BEGIN

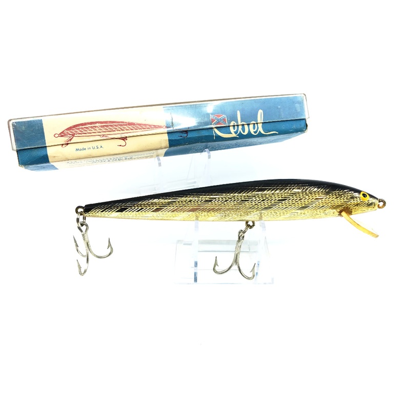 Vintage Rebel 7" Minnow with Flag Box. Box in ok shape with clouding to plastic lid. Lure in nice shape, see photos. Not sure if correct box or not.See all of ourRebel lures for sale here.
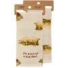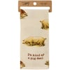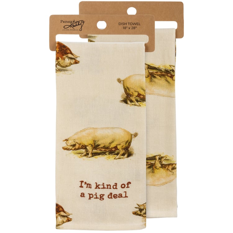 A cotton linen blend kitchen towel from our Farmhouse Collection featuring all-over vintage-inspired pig designs and punny embroidered "I'm Kind Of A Pig Deal" sentiment. Features a cotton tape loop in the corner for easy hanging. Machine-washable. Our I'm Kind Of A Pig Deal kitchen towel is packaged on a cardboard hanger with a hole to easily hang on rack.
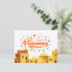 The design elements are thoughtfully placed against a clean white background, giving the vivid colours and playful illustrations space to stand out. This postcard is a charming way to share the spirit of Passover, filled with vibrant illustrations that reflect both the historical and celebratory aspects of the holiday.

END

Task instructions >> Your task is to quote exactly the lines from the one with "A cotton linen" through the end of the material, both included, without reproducing any pictures.

Written answer >>
 A cotton linen blend kitchen towel from our Farmhouse Collection featuring all-over vintage-inspired pig designs and punny embroidered "I'm Kind Of A Pig Deal" sentiment. Features a cotton tape loop in the corner for easy hanging. Machine-washable. Our I'm Kind Of A Pig Deal kitchen towel is packaged on a cardboard hanger with a hole to easily hang on rack.
 The design elements are thoughtfully placed against a clean white background, giving the vivid colours and playful illustrations space to stand out. This postcard is a charming way to share the spirit of Passover, filled with vibrant illustrations that reflect both the historical and celebratory aspects of the holiday.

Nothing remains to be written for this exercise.